▶ **What you have to do**: Copy each line of the listing below exactly and drop the images.

▶ **Information provided**:
#####
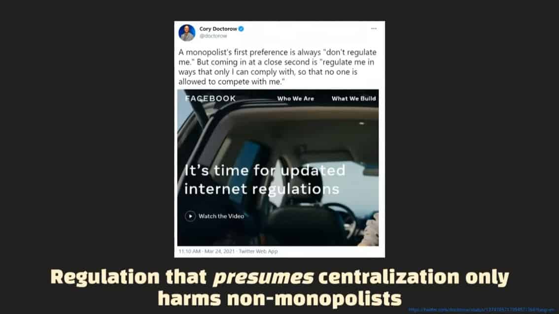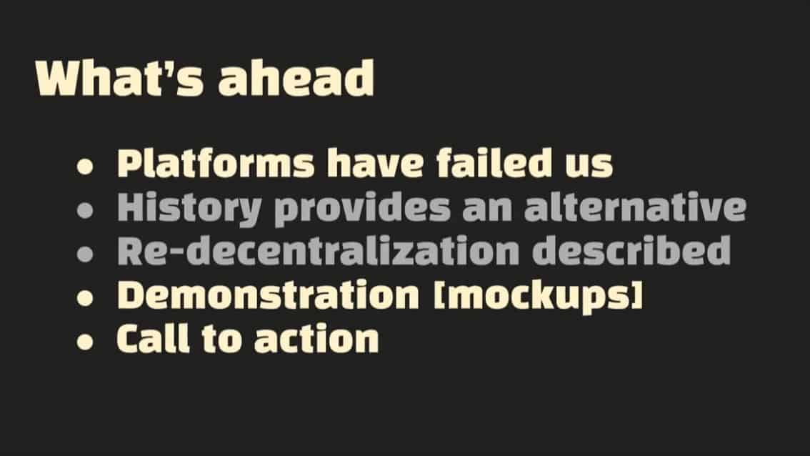 - Historical examples exist of decentralization.Ā Itās possible to remove gatekeepers and allow consent, creating a future beyond simply ādistributed twitterā.
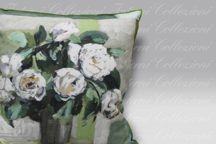 Cuscino adornato con vasi di fiori, contrapposti ad una disposizione grafica di piastrelle.
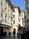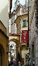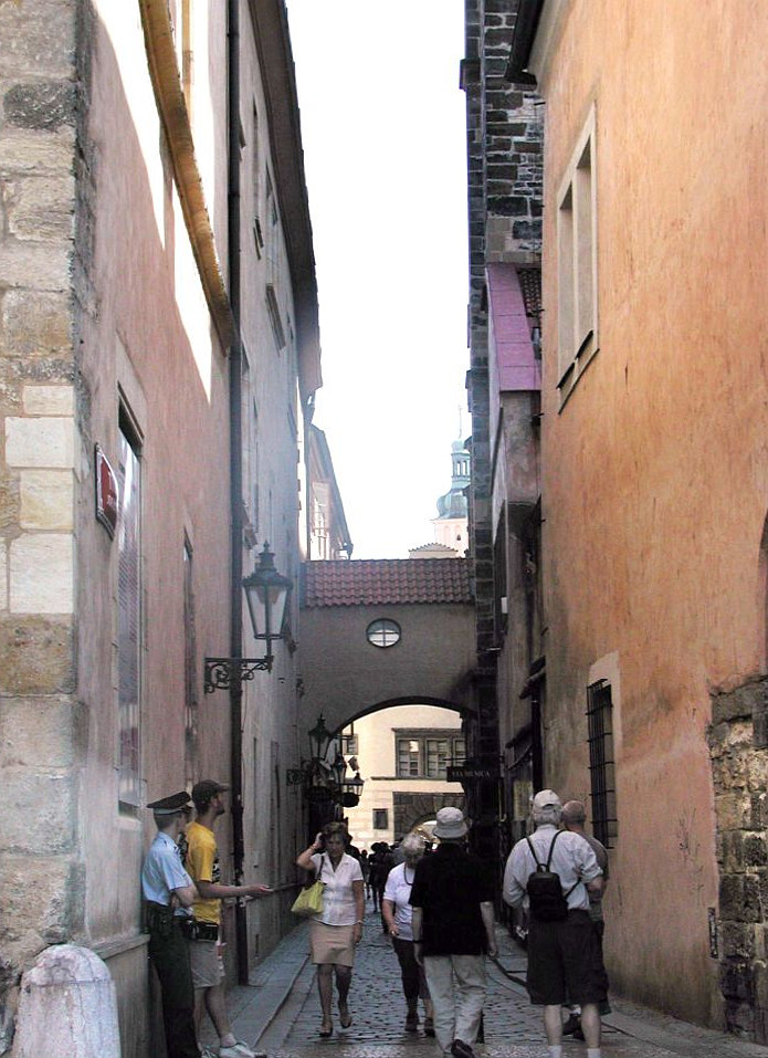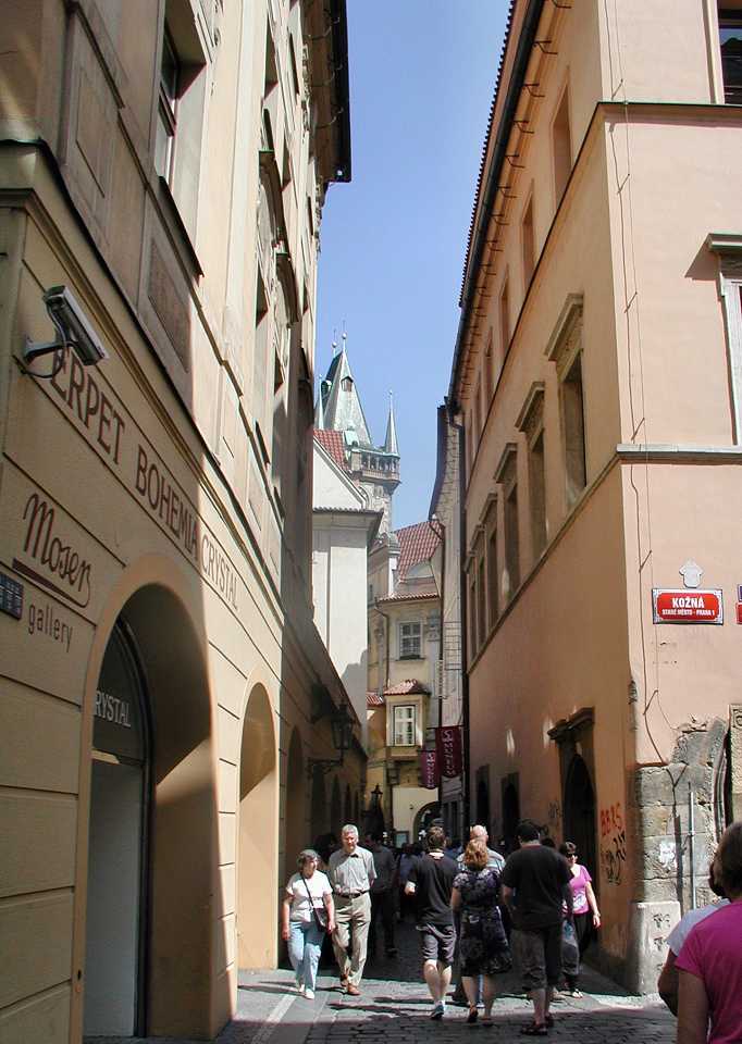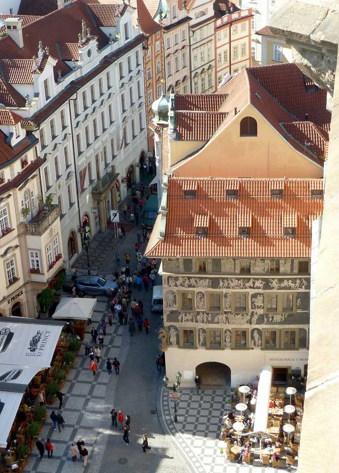 Oder durch die Celetná-Str. die vom früheren alten Königshof, der auf dem heutigen Platz der Republik stand und als der Königsweg an der unteren östlichen Ecke in den Platz mündet (siehe Spaziergänge - Königsweg).
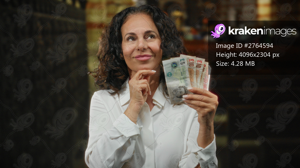 Woman pondering british pound banknotes inside a church, depicting financial contemplation in a religious setting, highlighting a middle-aged female indoors with curiosity and money. - Kraken Images
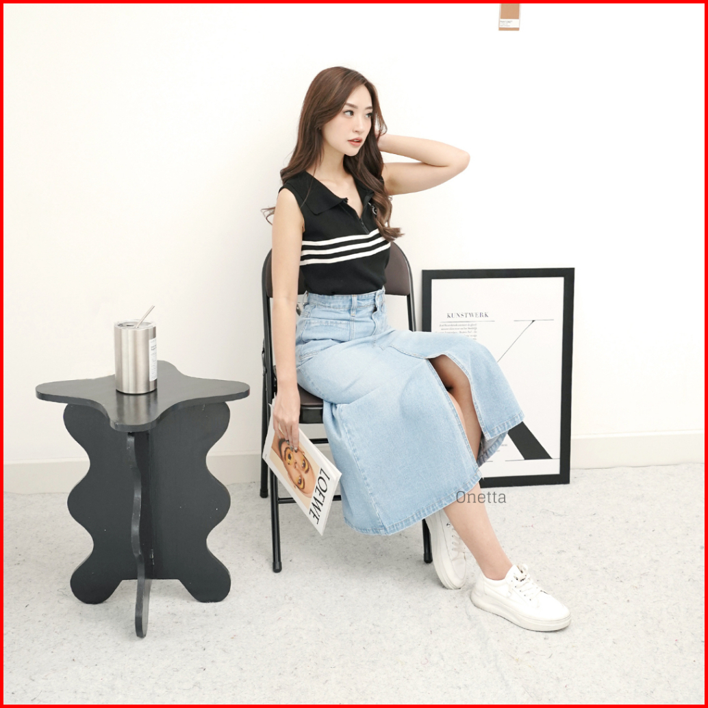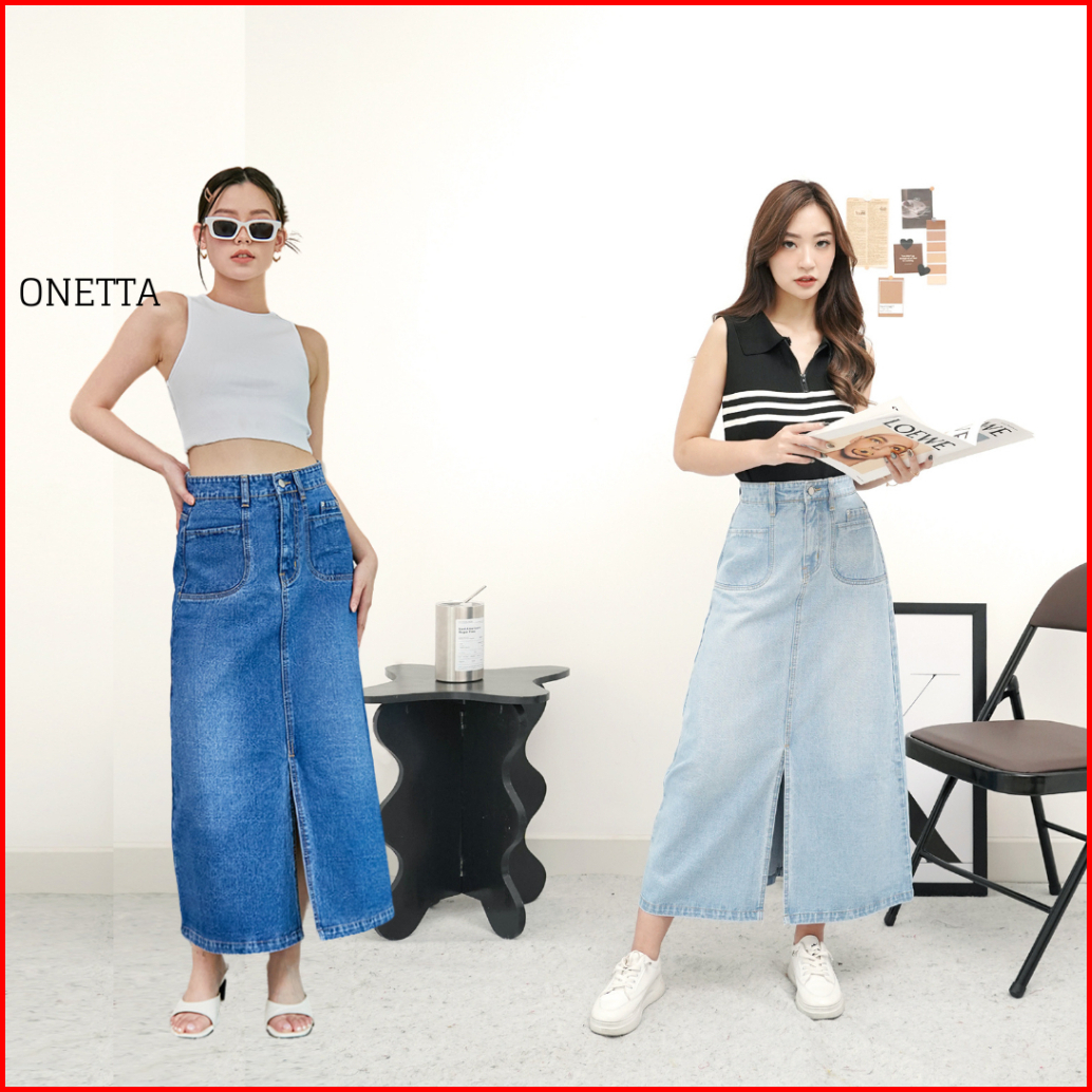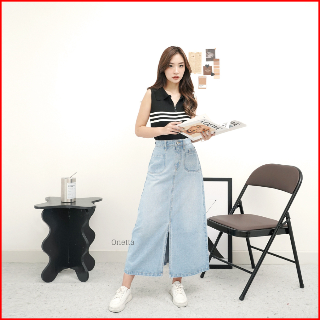 Onetta - Rok High Waist Jeans Wanita A Line Denim Skirt - Emerie Aqua Scrub
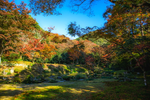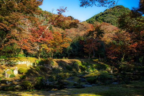 | 福岡県みやま市にある本吉山清水寺は、天台宗の開祖である最澄(伝教大師)が唐より帰国し、有明海の東方山中に美しく輝く光を発見しその光を求めて、一羽の雉を道案内にこの山に分け入り苔むした合歓(ねむ)の霊木に出会い、その合歓の霊木で千手観世音菩薩木像を2体作り、うち1体を京都の清水寺に安置して、もう1体を安置する堂を806年にこの地に創建したのが清水寺の創建とされています。 清水寺の本坊庭園は室町時代の作で、作者は雪舟であろうといわれている庭園です。東南北に山を囲らし心字の池を中心とする庭石の配置・植込み・池にそそぐ暖・急の滝など、自然と人工の美が溶け合い、春夏秋冬いつ訪れても飽きない名園で、特に正面の愛宕山からのぼる中秋の名月はすばらしく、その月が心字池の写るように工夫された借景式の泉水庭です。現在は新緑・紅葉スポットとして沢山の見物客で賑わう庭園になっています。 拝観料:300円(大人) 100円(小人) 拝観時間:9:00~17:00 休館日:月曜日(祝日・11月を除く)毎月18日 駐車場:無料 |
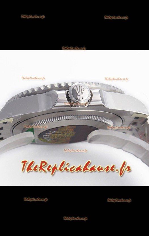 Boîtier en acier inoxydable 904L, comme l'original, avec des inserts en céramique noir/vert métallisés.
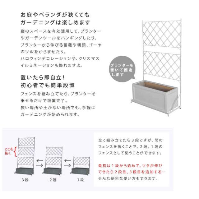 プランター台付フェンスのロータイプ。カラーは、ブラック(4515085031642/IF-FP006BLK)、ホワイト(4515085031659/IF-FP006WHT)です。お庭やベランダが狭くてもガーデニングは楽しめます。縦のスペースを有効活用して、プランターやガーデンツールをハンギングしたり、プランターから伸びる薔薇や朝顔、ゴーヤのツルをからませたり。ハロウィンデコレーションや、クリスマスイルミネーションも飾れますよ。置いたら即自立。初心者でも簡単設置。フェンスを組み立てたら、プランターを乗せるだけで設置完了。狭い場所や土がない場所でも、手軽にガーデニングが始められます。
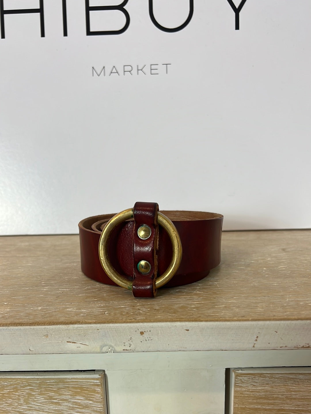 Cinturón marrón de piel hebilla dorada redonda. 90 (105 cm)
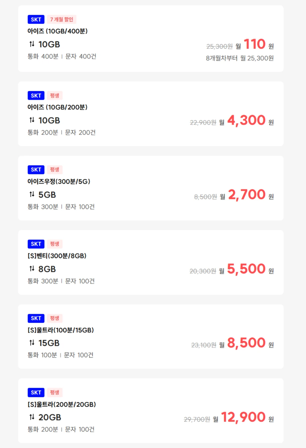 SKTλ§ μκΈμ λΆν° μ΄ν΄λ³΄λ©΄ λ°μ΄ν° 10GB+ν΅ν 400λΆ+λ¬Έμ 400건 μ‘°ν©μΌλ‘ 7κ°μ ν μΈλλ μμ΄μ¦(10GB/400λΆ) μκΈμ κ° μ 110μ, λ°μ΄ν° 10GB+ν΅ν 200λΆ+λ¬Έμ 200건 μ‘°ν©μΌλ‘ νμ ν μΈλλ μμ΄μ¦(10GB/200λΆ) μκΈμ κ° μ 4,300μ, λ°μ΄ν° 5GB+ν΅ν 300λΆ+λ¬Έμ 100건 μ‘°ν©μΌλ‘ νμ ν μΈλλ μμ΄μ¦μ°μ (300λΆ/5G) μκΈμ κ° μ 2,700μ, λ°μ΄ν° 8GB+ν΅ν 300λΆ+λ¬Έμ 100건 μ‘°ν©μΌλ‘ νμ ν μΈλλ [S]λ²€ν°(300λΆ/8GB) μκΈμ κ° μ 5,500μ, λ°μ΄ν° 15GB+ν΅ν 100λΆ+λ¬Έμ 100건 μ‘°ν©μΌλ‘ νμ ν μΈλλ [S]μΈνΈλΌ(100λΆ/15GB) μκΈμ κ° μ 8,500μ, λ°μ΄ν° 20GB+ν΅ν 200λΆ+λ¬Έμ 100건 μ‘°ν©μΌλ‘ νμ ν μΈλλ [S]μΈνΈλΌ(200λΆ/20GB) μκΈμ κ° μ 12,900μμΌλ‘ μ€λΉλμ΄ μμ΅λλ€.
#####
▶ **Written solution**:
 - Historical examples exist of decentralization.Ā Itās possible to remove gatekeepers and allow consent, creating a future beyond simply ādistributed twitterā.
 Cuscino adornato con vasi di fiori, contrapposti ad una disposizione grafica di piastrelle.
 Oder durch die Celetná-Str. die vom früheren alten Königshof, der auf dem heutigen Platz der Republik stand und als der Königsweg an der unteren östlichen Ecke in den Platz mündet (siehe Spaziergänge - Königsweg).
 Woman pondering british pound banknotes inside a church, depicting financial contemplation in a religious setting, highlighting a middle-aged female indoors with curiosity and money. - Kraken Images
 Onetta - Rok High Waist Jeans Wanita A Line Denim Skirt - Emerie Aqua Scrub
 | 福岡県みやま市にある本吉山清水寺は、天台宗の開祖である最澄(伝教大師)が唐より帰国し、有明海の東方山中に美しく輝く光を発見しその光を求めて、一羽の雉を道案内にこの山に分け入り苔むした合歓(ねむ)の霊木に出会い、その合歓の霊木で千手観世音菩薩木像を2体作り、うち1体を京都の清水寺に安置して、もう1体を安置する堂を806年にこの地に創建したのが清水寺の創建とされています。 清水寺の本坊庭園は室町時代の作で、作者は雪舟であろうといわれている庭園です。東南北に山を囲らし心字の池を中心とする庭石の配置・植込み・池にそそぐ暖・急の滝など、自然と人工の美が溶け合い、春夏秋冬いつ訪れても飽きない名園で、特に正面の愛宕山からのぼる中秋の名月はすばらしく、その月が心字池の写るように工夫された借景式の泉水庭です。現在は新緑・紅葉スポットとして沢山の見物客で賑わう庭園になっています。 拝観料:300円(大人) 100円(小人) 拝観時間:9:00~17:00 休館日:月曜日(祝日・11月を除く)毎月18日 駐車場:無料 |
 Boîtier en acier inoxydable 904L, comme l'original, avec des inserts en céramique noir/vert métallisés.
 プランター台付フェンスのロータイプ。カラーは、ブラック(4515085031642/IF-FP006BLK)、ホワイト(4515085031659/IF-FP006WHT)です。お庭やベランダが狭くてもガーデニングは楽しめます。縦のスペースを有効活用して、プランターやガーデンツールをハンギングしたり、プランターから伸びる薔薇や朝顔、ゴーヤのツルをからませたり。ハロウィンデコレーションや、クリスマスイルミネーションも飾れますよ。置いたら即自立。初心者でも簡単設置。フェンスを組み立てたら、プランターを乗せるだけで設置完了。狭い場所や土がない場所でも、手軽にガーデニングが始められます。
 Cinturón marrón de piel hebilla dorada redonda. 90 (105 cm)
 SKTλ§ μκΈμ λΆν° μ΄ν΄λ³΄λ©΄ λ°μ΄ν° 10GB+ν΅ν 400λΆ+λ¬Έμ 400건 μ‘°ν©μΌλ‘ 7κ°μ ν μΈλλ μμ΄μ¦(10GB/400λΆ) μκΈμ κ° μ 110μ, λ°μ΄ν° 10GB+ν΅ν 200λΆ+λ¬Έμ 200건 μ‘°ν©μΌλ‘ νμ ν μΈλλ μμ΄μ¦(10GB/200λΆ) μκΈμ κ° μ 4,300μ, λ°μ΄ν° 5GB+ν΅ν 300λΆ+λ¬Έμ 100건 μ‘°ν©μΌλ‘ νμ ν μΈλλ μμ΄μ¦μ°μ (300λΆ/5G) μκΈμ κ° μ 2,700μ, λ°μ΄ν° 8GB+ν΅ν 300λΆ+λ¬Έμ 100건 μ‘°ν©μΌλ‘ νμ ν μΈλλ [S]λ²€ν°(300λΆ/8GB) μκΈμ κ° μ 5,500μ, λ°μ΄ν° 15GB+ν΅ν 100λΆ+λ¬Έμ 100건 μ‘°ν©μΌλ‘ νμ ν μΈλλ [S]μΈνΈλΌ(100λΆ/15GB) μκΈμ κ° μ 8,500μ, λ°μ΄ν° 20GB+ν΅ν 200λΆ+λ¬Έμ 100건 μ‘°ν©μΌλ‘ νμ ν μΈλλ [S]μΈνΈλΌ(200λΆ/20GB) μκΈμ κ° μ 12,900μμΌλ‘ μ€λΉλμ΄ μμ΅λλ€.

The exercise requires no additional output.